Introduction:

As discussed in Part 1 – Incident Detection and Part 2 – Incident Classification ,  identifying and accurately classifying an incident based on category and severity are the most important and foremost steps in an Incident Response process. Now comes the most important part of Incident Handling. Readers may have known or used Incident handling process and procedures for a long period of time, but if we were to compare each of them side by side, they would all be similar in purpose but different in execution. Consider Incident handling to be like an organization’s signature – “Unique and cannot be replicated easily”

With this post, we are trying to provide our “unique signature” regarding Incident handling.

Pre-requisites:

Before actually getting the work started, it is important to define the foundational blocks. Without these pre-requisites, a structured Incident response will be difficult. These pre-requisites are:

1. Responder Groups – People who “do the analysis and investigation” on the ground are called Responder groups. These need to be defined as part of the CSIRT governance function. In smaller organizations, this can be one or two persons. They are typically the analysts, reverse engineers, forensic experts etc. They are the first line of defence.
2. Resolver Groups – People who  “do the re-mediation” are the resolver groups. Typically, this group gets into action mostly post-incident. However, these groups also assist during the incident investigation from an infrastructure angle.
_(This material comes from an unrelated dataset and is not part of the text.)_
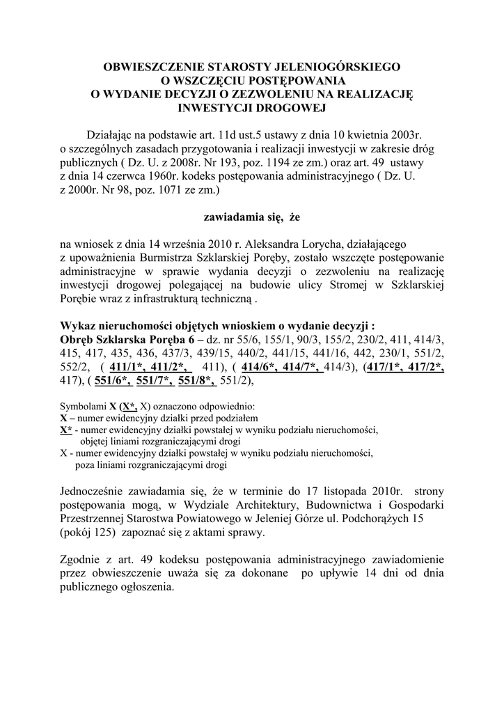 OBWIESZCZENIE STAROSTY JELENIOGÓRSKIEGO O WSZCZĘCIU POSTĘPOWANIA O WYDANIE DECYZJI O ZEZWOLENIU NA REALIZACJĘ INWESTYCJI DROGOWEJ Działając na podstawie art. 11d ust.5 ustawy z dnia 10 kwietnia 2003r. o szczególnych zasadach przygotowania i realizacji inwestycji w zakresie dróg publicznych ( Dz. U. z 2008r. Nr 193, poz. 1194 ze zm.) oraz art. 49 ustawy z dnia 14 czerwca 1960r. kodeks postępowania administracyjnego ( Dz. U. z 2000r. Nr 98, poz. 1071 ze zm.) zawiadamia się, Ŝe na wniosek z dnia 14 września 2010 r. Aleksandra Lorycha, działającego z upowaŜnienia Burmistrza Szklarskiej Poręby, zostało wszczęte postępowanie administracyjne w sprawie wydania decyzji o zezwoleniu na realizację inwestycji drogowej polegającej na budowie ulicy Stromej w Szklarskiej Porębie wraz z infrastrukturą techniczną . Wykaz nieruchomości objętych wnioskiem o wydanie decyzji : Obręb Szklarska Poręba 6 – dz. nr 55/6, 155/1, 90/3, 155/2, 230/2, 411, 414/3, 415, 417, 435, 436, 437/3, 439/15, 440/2, 441/15, 441/16, 442, 230/1, 551/2, 552/2, ( 411/1*, 411/2*, 411), ( 414/6*, 414/7*, 414/3), (417/1*, 417/2*, 417), ( 551/6*, 551/7*, 551/8*, 551/2), Symbolami X (X*, X) oznaczono odpowiednio: X – numer ewidencyjny działki przed podziałem X* - numer ewidencyjny działki powstałej w wyniku podziału nieruchomości, objętej liniami rozgraniczającymi drogi X - numer ewidencyjny działki powstałej w wyniku podziału nieruchomości, poza liniami rozgraniczającymi drogi Jednocześnie zawiadamia się, Ŝe w terminie do 17 listopada 2010r. strony postępowania mogą, w Wydziale Architektury, Budownictwa i Gospodarki Przestrzennej Starostwa Powiatowego w Jeleniej Górze ul. PodchorąŜych 15 (pokój 125) zapoznać się z aktami sprawy. Zgodnie z art. 49 kodeksu postępowania administracyjnego zawiadomienie przez obwieszczenie uwaŜa się za dokonane po upływie 14 dni od dnia publicznego ogłoszenia.

They are typically comprised of Network teams, Server teams, Application teams etc.
3. Management Groups – People who are the “top brass in the organization”  are the management groups. These groups are very important and need to be activated if the incident impact is going to be enterprise wide. They are typically comprised of ISM (info-sec manager), CISO, CIO, CTO etc.
4. External Communication Groups – People outside of the IT department like Legal, HR, Crisis team,  regulators etc. are called external communication groups. These groups take care of interacting with the external agencies like law and order, media, shareholders etc.
5. Communication Protocols – Defining “How” to communicate among the various groups is very important because these can’t be established during a live Cyber Incident. Some of the protocols can be email, phone call, template forms, ticketing systems, encrypted communication lines etc.
6. Service Level Agreements (if any) – Organizations as they mature in their process of operating a CSIRT want to track performance efficiency of their people and process. This can be done using SLA metrics by defining the “time to respond” and the “time to resolve” or in ITIL terms “Response SLA” and “Resolution SLA”.

Incident Analysis:

Every qualified and classified Incident (Part 1 and Part 2 of CSIRT Function) has to be analysed as per its merit. While the skeletal for the analysis is the same, the content and the context differs from organization to organization. In general, every analysis starts with the following 2 questions:

1. What we know? – The answer to the question typically lies in gathering the details regarding the incident. The details can be as follows:
   • Victim user/machine details like user name, machine name, IP Address etc.
   • Logs that triggered the incident. The logs are typically from SIEM or the point products themselves.
   • Attacker information from the logs like Attacker IP Address, Domain etc.
   • Attack pattern if it is a signature alert from IDS/IPS/WAF etc.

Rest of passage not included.